[chronique BD] Blonde platine

Blonde platine / Adrian Tomine (2001)
Blonde platine / Adrian Tomine (2011)

Né en 1974 à Sacramento, Adrian Tomine publie dès l’âge de 16 ans son propre fanzine Optic Nerve, photocopié et laissé en dépôt-vente chez des libraires BD pour le prix exorbitant d’un dollar. Malgré cette première expérience éditoriale vouée à l’échec commercial, le jeune américain d’origine japonaise persévère et progresse vite, très vite. Sept numéros et trois ans plus tard, les ventes atteignent 6000 exemplaires, et Tomine, alors étudiant en littérature à Berkeley, est débauché par l’excellent éditeur québécois Drawn and Quarterly. C’est chez lui que paraissait en 2003 la première édition de Blonde Platine, recueil de quatre histoires douces-amères en forme de chroniques intimes qui touchent à l’universel.
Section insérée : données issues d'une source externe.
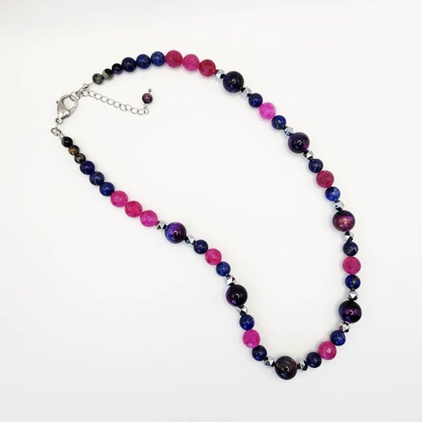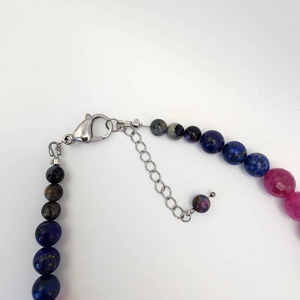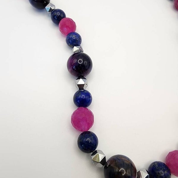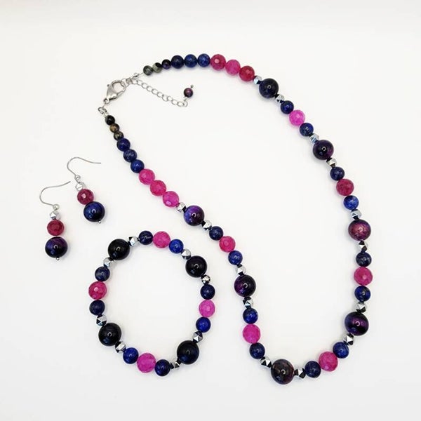 Vibrant and full of cosmic energy, this handcrafted jewelry set features a Galaxy Tiger Eye, Watermelon Tourmaline, and AAA Lapis Lazuli necklace with a matching stretch bracelet and coordinating earrings. Made with durable stainless steel components, this set offers both strength and lasting shine.

Construites sur des trames quasi-sociologiques et comportementales, ces tragédies minuscules témoignent d’une grande acuité et d’un sens aigu de l’observation, ainsi qu’une parfaite maitrise de la narration graphique jouant habilement des ellipses et des silences.

Quelque part entre Houellebecq et Raymond Carver pour la finesse et la noirceur du regard, Tomine ausculte les rapports sociaux avec la lucidité d’un entomologiste compatissant, en maintenant surtout sa focale dirigée vers la solitude, l’asociabilité, la normalité, la misère affective et sexuelle ou les orientations encore floues, la parenthèse largement extensible entre adolescence et âge adulte, ou la famille dysfonctionnelle et pourvoyeuse d’angoisses et névroses plus que de réconfort et de sérénité.

Ces quatre nouvelles réalistes et subtiles dessinent d’un trait épuré, très inspiré de Daniel Clowes, le split screen d’un teen movie intimiste croisant Virgin Suicides et Elephant de Gus Van Sant, ou Extension du Domaine de la Lutte avec Comment Je me suis disputé… (Ma vie sexuelle), pour son étude des difficultés relationnelles modernes et des possibilités ténues d’établir un contact entre disqualifiés du marché de la séduction, avec la sexualité adoptée comme valeur capitaliste par des acteurs aux comportements rationnels.